Last week: I drive onto my property, finally beginning to take shape as a home, and am eager to let my carpenter in the back door. Then I spy the lily, this lady of the night, which until now has only bloomed in my absence. Excited, I leap from my truck, forgetting my new cell phone is tucked in my lap. It careens to the ground, I snatch it up with one hand and, with the other, shove the truck door to close it. I watch in horror as the cell phone re-emerges, the truck door comes home, and the two collide in a crunching embrace.
This week: I receive an email from the woman who’s contracted to buy my current home, informing me with a fumbling apology and no satisfactory details, that she is re-nigging on our deal. The sale is no longer. For a month I have been pushing beyond my limits to meet our deadline, and I have turned other buyers away. I am knotted with frustration and fatigue.

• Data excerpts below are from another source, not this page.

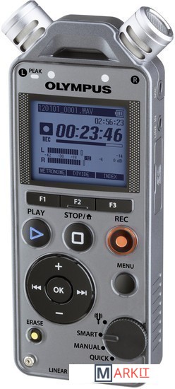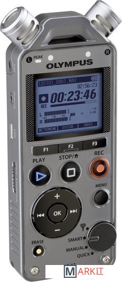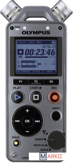 В модели LS-12 применяется простая схема управления, не влияющая на конечное качество записи. На лицевой стороне диктофона расположен один диск, с помощью которого можно быстро выбрать тюнер и различные режимы записи. Благодаря простому экранному интерфейсу, понятному расположению кнопок, голосовому указанию и звуковым сообщениям, а также интеллектуальному режиму, в котором осуществляется автоматическая регулировка оптимального уровня записи, можно легко обеспечить студийное качество записи.
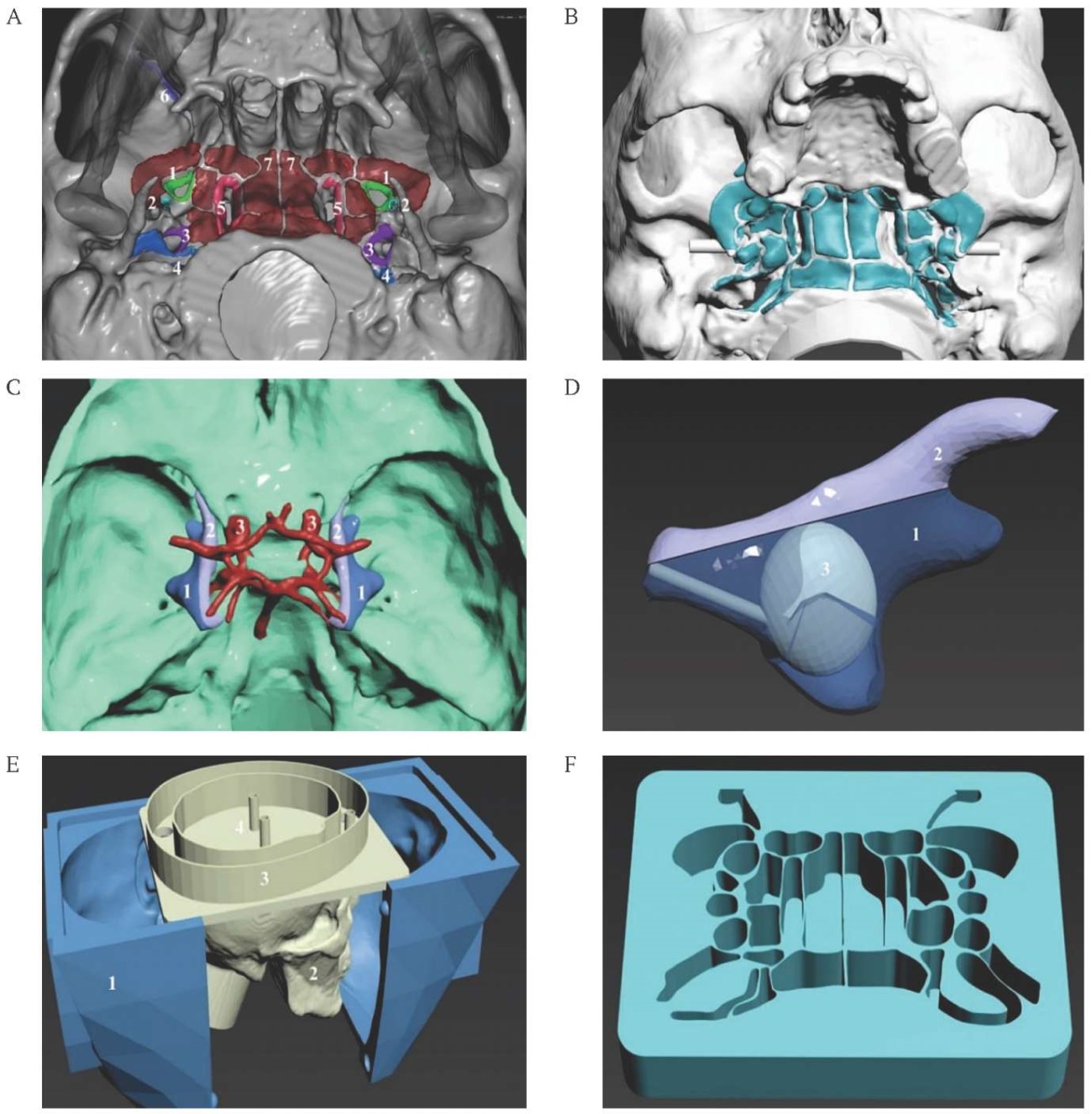 Using the Inobitec DICOM Viewer software (Inobitec DICOM Viewer Pro licensed software, Inobitec LLC, Russia), artifact removal and segmentation were performed for the following structures based on native DICOM data: the skull base, contact zones in the skull base region (including the inferior orbital fissure, jugular foramen, external opening of the temporal carotid canal, lacrimal foramen and spinous foramen), GG, and internal carotid artery (Fig. 1A).
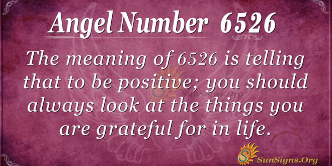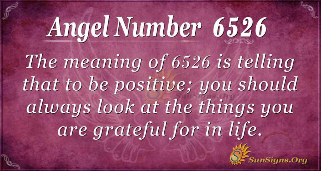 The meaning of 6526 is that to be positive, you should always look at the things you are grateful for in life. Remind yourself of the things that you are thankful for. It helps to lift your mood in times when you are down. Be grateful for your job, family, friends, the network you’ve created, or even the animals you have.

This evening: I sit down to write, and I write and I write, and with this creative endeavor, the knots in my world slip loose. Letting me know the truth, which is this: It is the lilies, the fish, the frogs in my tiny pond, the cloud formations in the sky this afternoon, the trees swaying in the wind and light rain as I drove home—these are the things that make my world.
All else is stuff. My cell phone (too expensive right now to replace), sports a sadly and badly shattered screen, but beyond all reason, still works. And as to the sale of my house? I know it will happen in time. And the lilies will bloom and the fish will swim and the wind and rain and sun will come. And all will be okay.